When that happens, again, that team becomes more of a work family. People enjoy being together more. They're more productive. They're less likely to go look for a job somewhere else. So let's make sure that we're focusing our coaching and our professional development work with our teams, not just on their technical skills, but also on their interpersonal skills.

And then last but not least, I'd like to challenge you to create a little bit of a team building plan so that you can be more intentional about this important area. And so my team building plan in a nutshell is I try to do weekly team meetings and start a lot of those team meetings before we get down to business with an icebreaker or casual conversation to catch up with each other, to keep the team interpersonally connected together and caring about each other.

So I try to always start that way. And so that sets the stage. And then a couple of times a year, I try to do formal team building events, where we either go off-site. Now, we haven't done that obviously the last couple of years because of COVID. But prior to COVID, we were getting together once or twice a year in person. We'd go off to a restaurant, go to a bowling alley. We play Topgolf one time. We rented the back of a restaurant and did a big team lunch for a couple of hours and played some games and had some fun together.

So be thinking of also some things you can do that would be more fun for the team. And so to me, the-- so for this year, for 2022, because I do weekly team meetings, I have an opportunity to bond with the team or get the team to bond together 50 times, give or take, because it's a weekly meeting. And then two more times, I get a chance to get us connected together, either in person or virtually.
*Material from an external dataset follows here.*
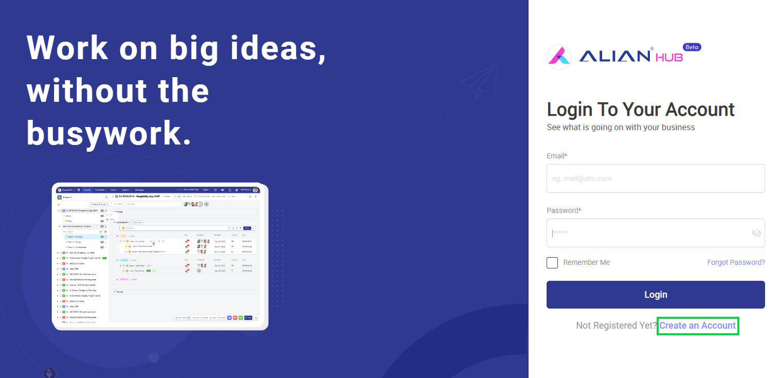 To begin using Alian Hub, you first need to create an account.

Last year, we did a couple of really, really neat virtual meetings together, where we all got on a Zoom call. And we did a gift exchange at the end of the year. I think middle of the year, we did a little quiz game like a Trivial Pursuit game that we did together. It was sort of a-- we made it a game meeting where we just had fun together and came up with a winner who got a prize. And we did a best desk competition in another meeting, where we all took a picture of our desks and sent in. We had judges. And then we sent gift cards out to the winners of the best desk competition.

But those are-- just be creative in how you have these team building events throughout the year. It makes a big difference. So, again, have a plan. So it's not just-- you're not just meeting on an as-needed basis. Because it's hard to stay bonded if you're only meeting on an as-needed basis. But if you're getting together regularly for a team meeting, that's the foundation, whether it's weekly or biweekly or once a month. At least you have a rhythm and some consistency. And then add in there some other more formal team building events that are fun for the team.
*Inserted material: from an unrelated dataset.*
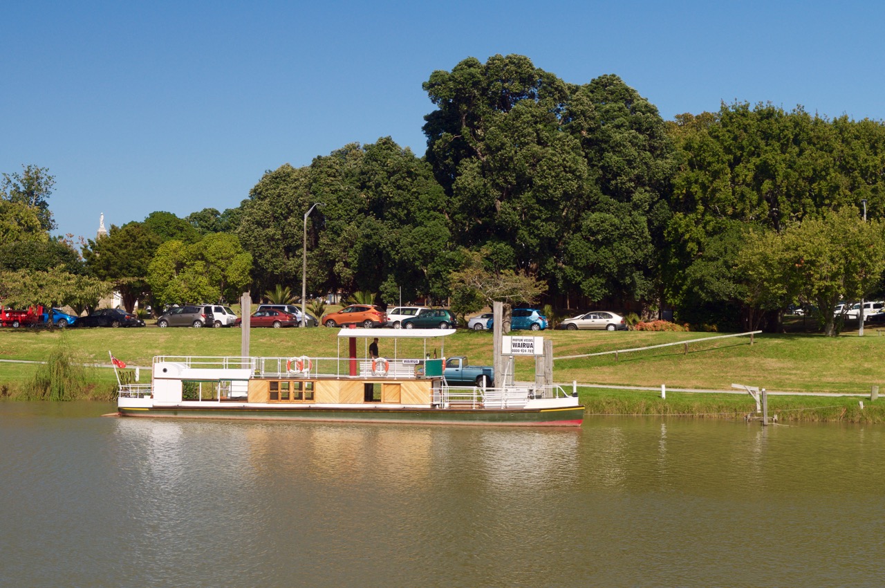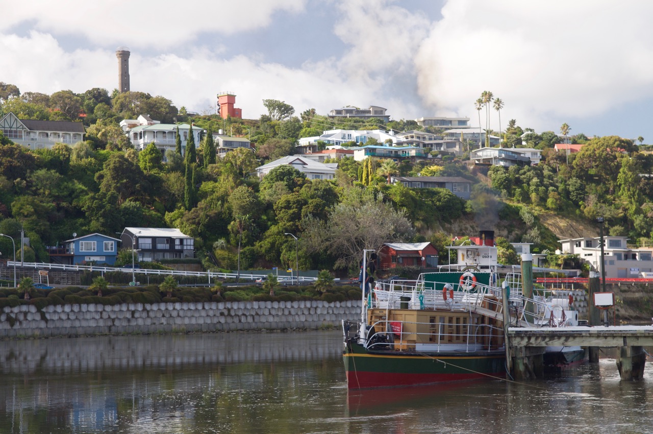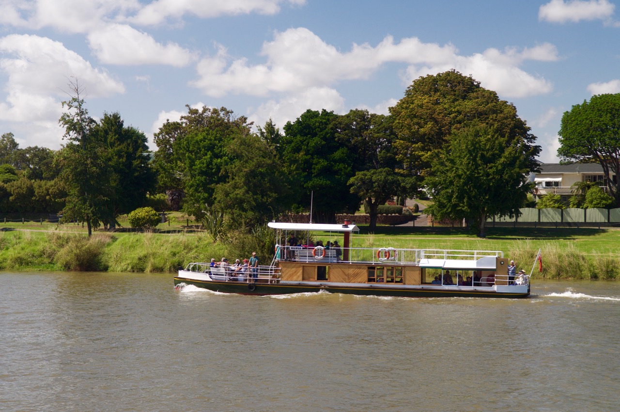 Nach all den Rafting-, Jetboat- und Kletter-Touren gab es heute eine gemütliche Fahrt mit dem einzigen erhaltenen Schaufelraddampfer, der 106 Jahre alten Waimarie, auf dem Whanganui River. Vor Fertigstellung der Straßenverbindung zwischen Auckland und Wellington war der Whanganui ein Teil dieser wichtigen Handelsroute, verlor diese Bedeutung dann aber schlagartig und wird heute hauptsächlich von Kajakfahrern geschätzt.

And all in all together by the end of the year, you will have brought the team closer together, giving people an opportunity, creating an environment for people to know each other better. When people get to each other better, they typically bond more, and they enjoy working together more. And it gives them the ability to stay connected. And, again, when they have to deal with something, they're going to be able to deal with it more effectively because they've got that foundational connection between the two of them.

All right, folks, I know we covered a lot in a very short period of time today. I want to open it up for questions. If you have any questions, please type them into the question box in the GoToWebinar software in the upper right-hand corner of your screen. I do want to remind you all that-- I want to remind you all to reach out to us. If you need to either get one of the recording links from any of the previous meetings that were in the series this year-- remember that I shared earlier, and I did-- I know we had some people join after my opening. But let me share again.

We did the Seven Habits of Highly Effective Supervisors back in February and the Keys to Effectively Managing Employee Performance in May. If you did not get to attend those live, you can still attend the recordings. So all you have to do is hit Reply to your GoToWebinar invitation for today and just ask our team to send you the recording link to the Seven Habits of Highly Effective Supervisors in February or the Keys to Effectively Managing Employee Performance in May.

And then if you want to still sign up for the Transitioning From Staff Member to Supervisor session coming up in November, again, just ask our team to send you the registration link for that. We'd be happy to do that. Again, to be able to get our team to send you those things, please don't put them in the question box because our team won't be able to monitor that.

But all you have to do is just hit Reply, again, to your GoToWebinar invitation or reminder for today that the GoToWebinar system sent you and just send-- it doesn't have to be formal. You can just hit Reply and just write, please send me the recording link for the Seven Habits of Highly Effective Supervisors presentation in February. We'd be happy to do that.

Thank you, folks. I appreciate that. All right, let me go through the questions. We're getting a lot of questions. Thank you, folks. Had a great turnout today. Really appreciate it. All right, someone's asking, what was the name of the book again?

I talked about a couple of books. One was The Leadership Challenge by Kouzes and Posner. So that book is The Leadership Challenge by Kouzes and Posner. Kouzes is K-O-U-Z-E-S. And Posner is P-O-S-N-E-R. That's a great book. And the other book I mentioned was Employee Engagement 2.0 by Kevin Kruse. Kruse is spelled K-R-U-S-E.

Someone else asked, will the slides-- will these slides be available for download? Yes, if you'd like a copy of the PowerPoint presentation, all you have to do is hit Reply again to your GoToWebinar invitation for today and ask our team to send you a copy of the PowerPoint slides. We'd be happy to do that.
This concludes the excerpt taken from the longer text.